### WHAT THE TASK ASKS
Retype the listing exactly, minus its pictures.

### INFORMATION GIVEN
══════════

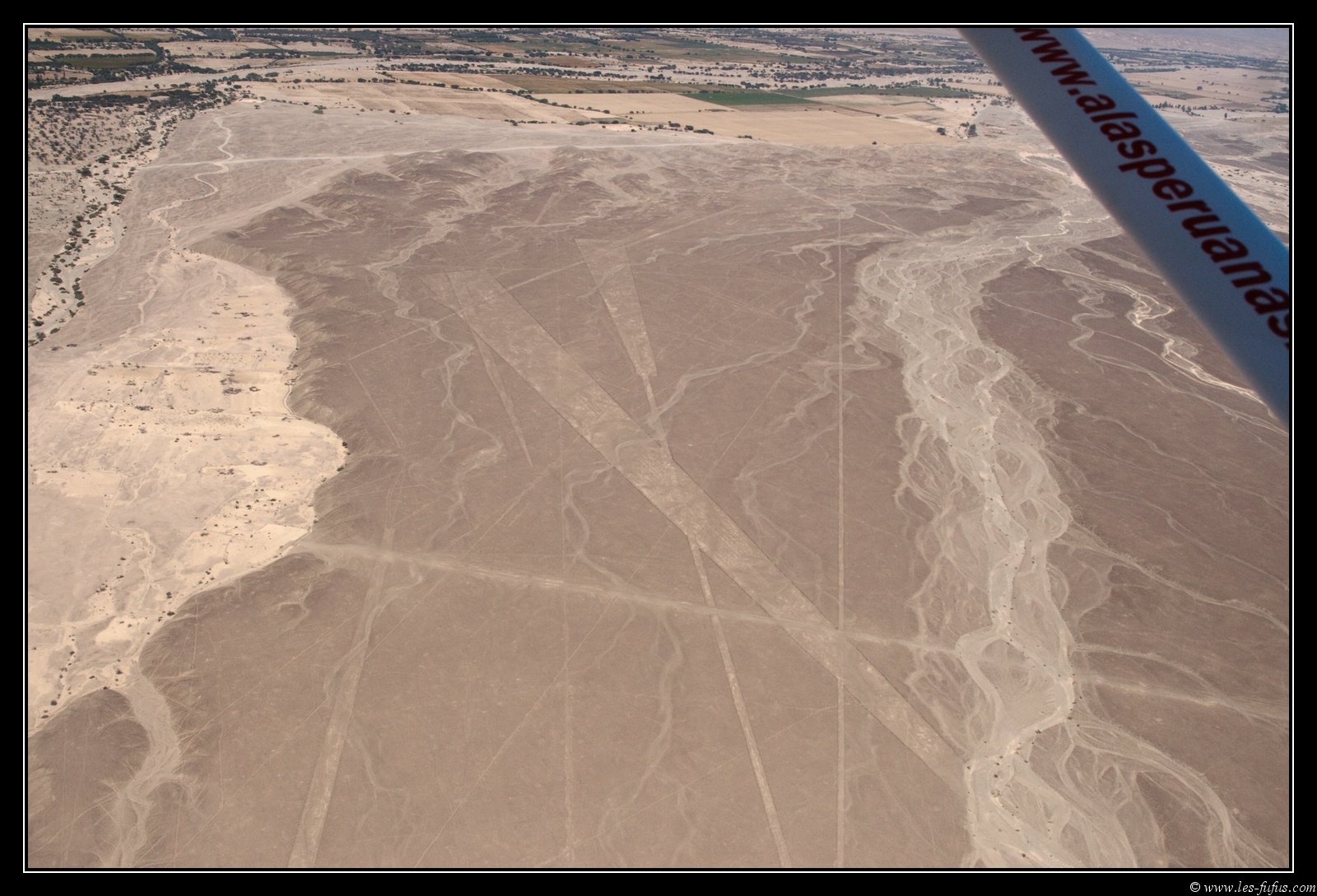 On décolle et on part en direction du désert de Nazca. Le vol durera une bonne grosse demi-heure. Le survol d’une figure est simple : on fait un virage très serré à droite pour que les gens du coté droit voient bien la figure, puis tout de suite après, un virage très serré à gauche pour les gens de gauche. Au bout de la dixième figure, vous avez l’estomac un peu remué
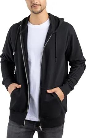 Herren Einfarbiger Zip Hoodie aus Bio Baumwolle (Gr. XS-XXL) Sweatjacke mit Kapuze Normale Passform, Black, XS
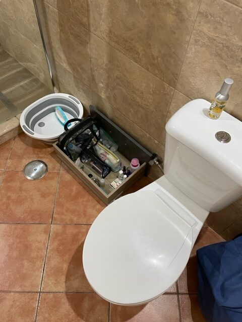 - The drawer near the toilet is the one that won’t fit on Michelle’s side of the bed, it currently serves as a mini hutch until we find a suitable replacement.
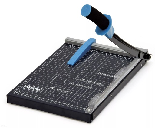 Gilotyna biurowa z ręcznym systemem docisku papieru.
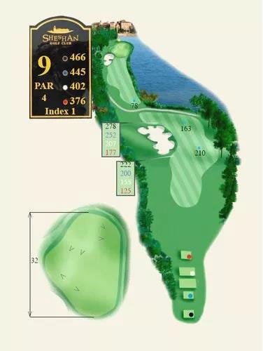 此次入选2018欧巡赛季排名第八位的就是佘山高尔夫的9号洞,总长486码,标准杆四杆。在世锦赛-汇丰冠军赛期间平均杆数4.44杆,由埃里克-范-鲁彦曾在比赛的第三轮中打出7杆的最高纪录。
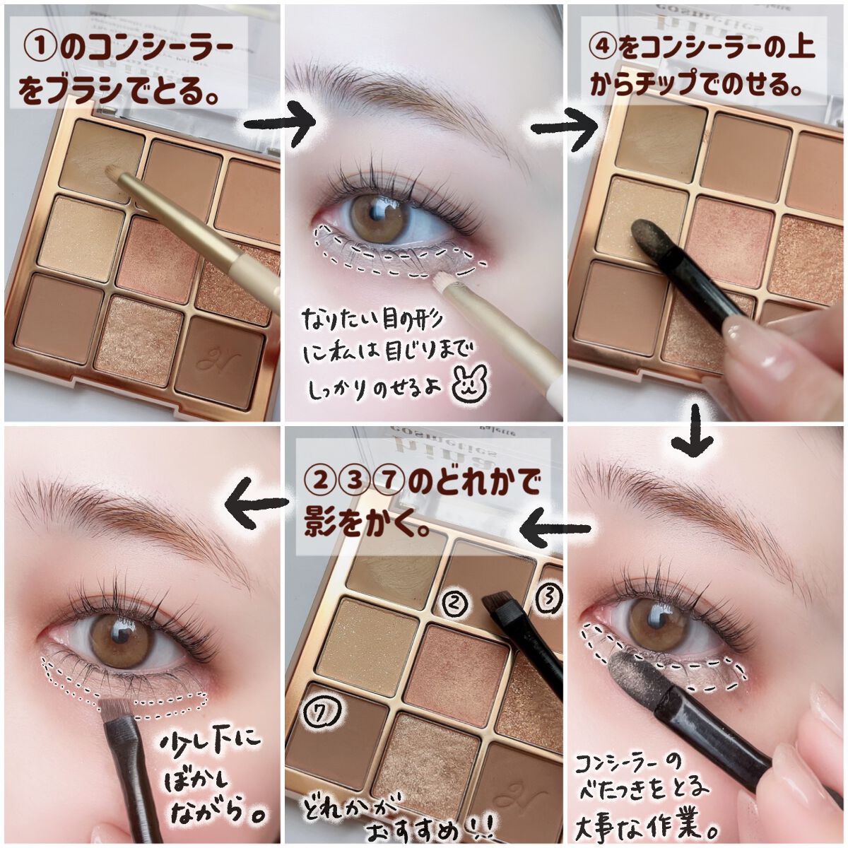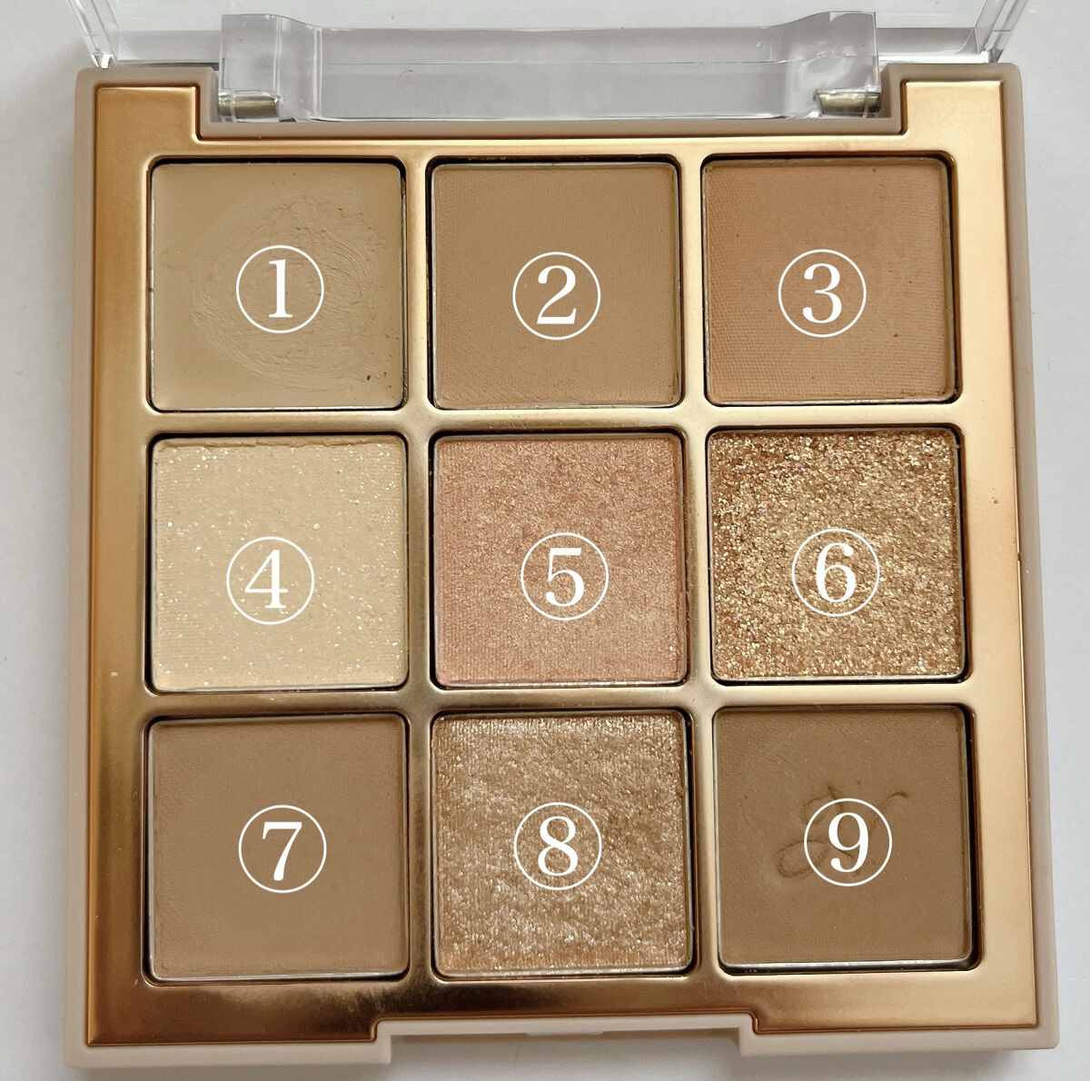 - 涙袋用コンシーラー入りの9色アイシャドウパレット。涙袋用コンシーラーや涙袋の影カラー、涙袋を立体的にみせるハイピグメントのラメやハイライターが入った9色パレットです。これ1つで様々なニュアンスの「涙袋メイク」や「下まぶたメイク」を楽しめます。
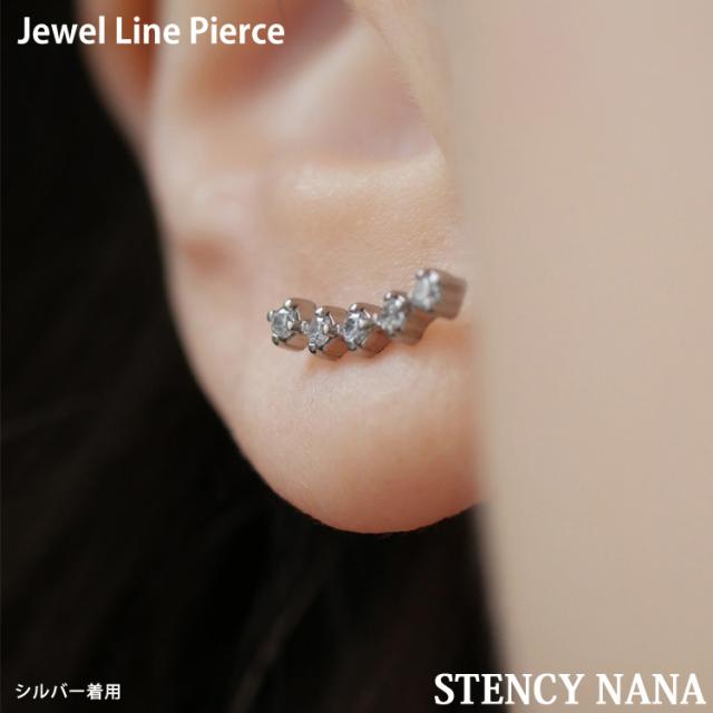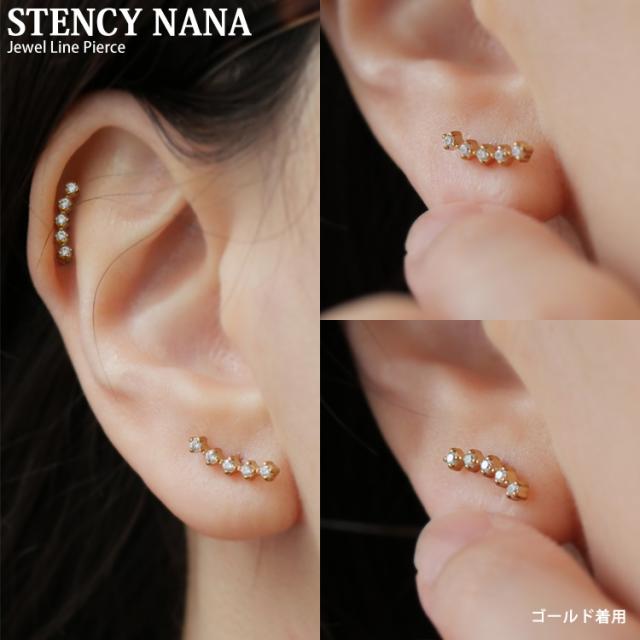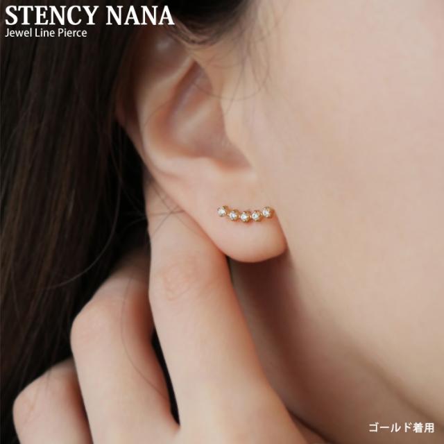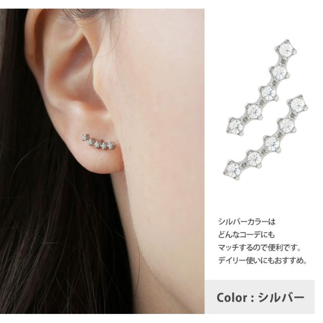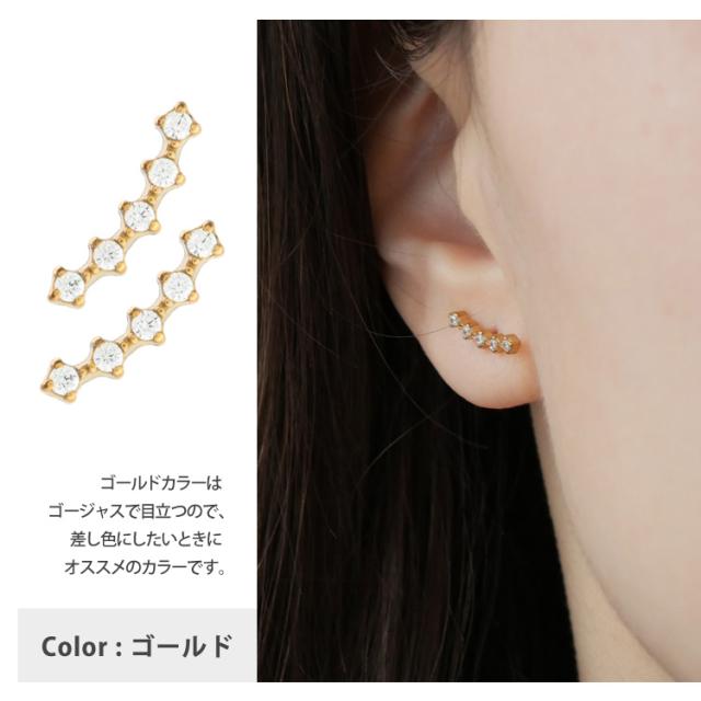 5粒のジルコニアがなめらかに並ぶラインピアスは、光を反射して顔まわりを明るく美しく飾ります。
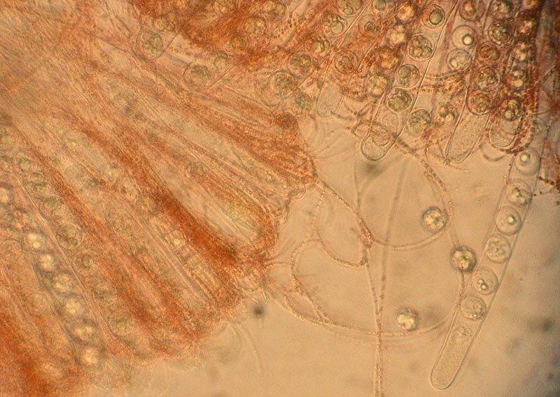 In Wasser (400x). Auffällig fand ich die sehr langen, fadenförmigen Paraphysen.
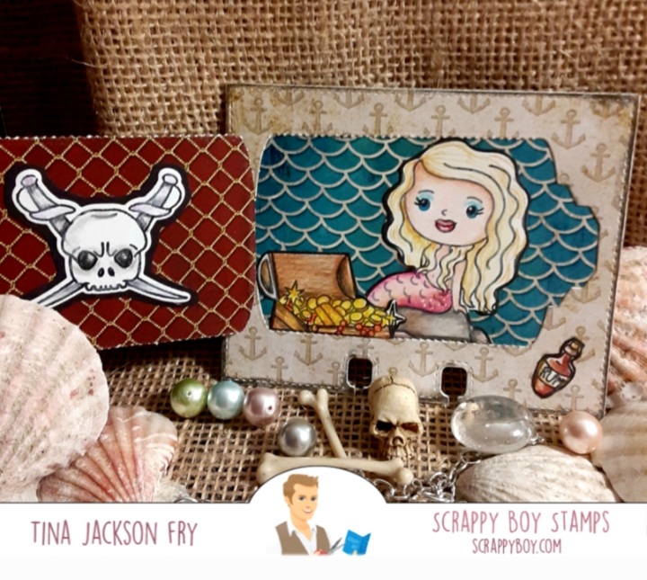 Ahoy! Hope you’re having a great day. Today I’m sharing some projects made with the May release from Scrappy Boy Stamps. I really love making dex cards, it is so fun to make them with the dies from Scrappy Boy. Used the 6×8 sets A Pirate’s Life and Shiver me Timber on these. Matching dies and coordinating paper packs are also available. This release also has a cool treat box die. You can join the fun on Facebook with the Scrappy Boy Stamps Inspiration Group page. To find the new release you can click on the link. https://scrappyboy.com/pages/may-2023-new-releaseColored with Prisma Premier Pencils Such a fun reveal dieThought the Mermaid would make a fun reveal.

══════════

### RESPONSE AREA
 On décolle et on part en direction du désert de Nazca. Le vol durera une bonne grosse demi-heure. Le survol d’une figure est simple : on fait un virage très serré à droite pour que les gens du coté droit voient bien la figure, puis tout de suite après, un virage très serré à gauche pour les gens de gauche. Au bout de la dixième figure, vous avez l’estomac un peu remué
 Herren Einfarbiger Zip Hoodie aus Bio Baumwolle (Gr. XS-XXL) Sweatjacke mit Kapuze Normale Passform, Black, XS
 - The drawer near the toilet is the one that won’t fit on Michelle’s side of the bed, it currently serves as a mini hutch until we find a suitable replacement.
 Gilotyna biurowa z ręcznym systemem docisku papieru.
 此次入选2018欧巡赛季排名第八位的就是佘山高尔夫的9号洞,总长486码,标准杆四杆。在世锦赛-汇丰冠军赛期间平均杆数4.44杆,由埃里克-范-鲁彦曾在比赛的第三轮中打出7杆的最高纪录。
 - 涙袋用コンシーラー入りの9色アイシャドウパレット。涙袋用コンシーラーや涙袋の影カラー、涙袋を立体的にみせるハイピグメントのラメやハイライターが入った9色パレットです。これ1つで様々なニュアンスの「涙袋メイク」や「下まぶたメイク」を楽しめます。
 5粒のジルコニアがなめらかに並ぶラインピアスは、光を反射して顔まわりを明るく美しく飾ります。
 In Wasser (400x). Auffällig fand ich die sehr langen, fadenförmigen Paraphysen.
 Ahoy! Hope you’re having a great day. Today I’m sharing some projects made with the May release from Scrappy Boy Stamps. I really love making dex cards, it is so fun to make them with the dies from Scrappy Boy. Used the 6×8 sets A Pirate’s Life and Shiver me Timber on these. Matching dies and coordinating paper packs are also available. This release also has a cool treat box die. You can join the fun on Facebook with the Scrappy Boy Stamps Inspiration Group page. To find the new release you can click on the link. https://scrappyboy.com/pages/may-2023-new-releaseColored with Prisma Premier Pencils Such a fun reveal dieThought the Mermaid would make a fun reveal.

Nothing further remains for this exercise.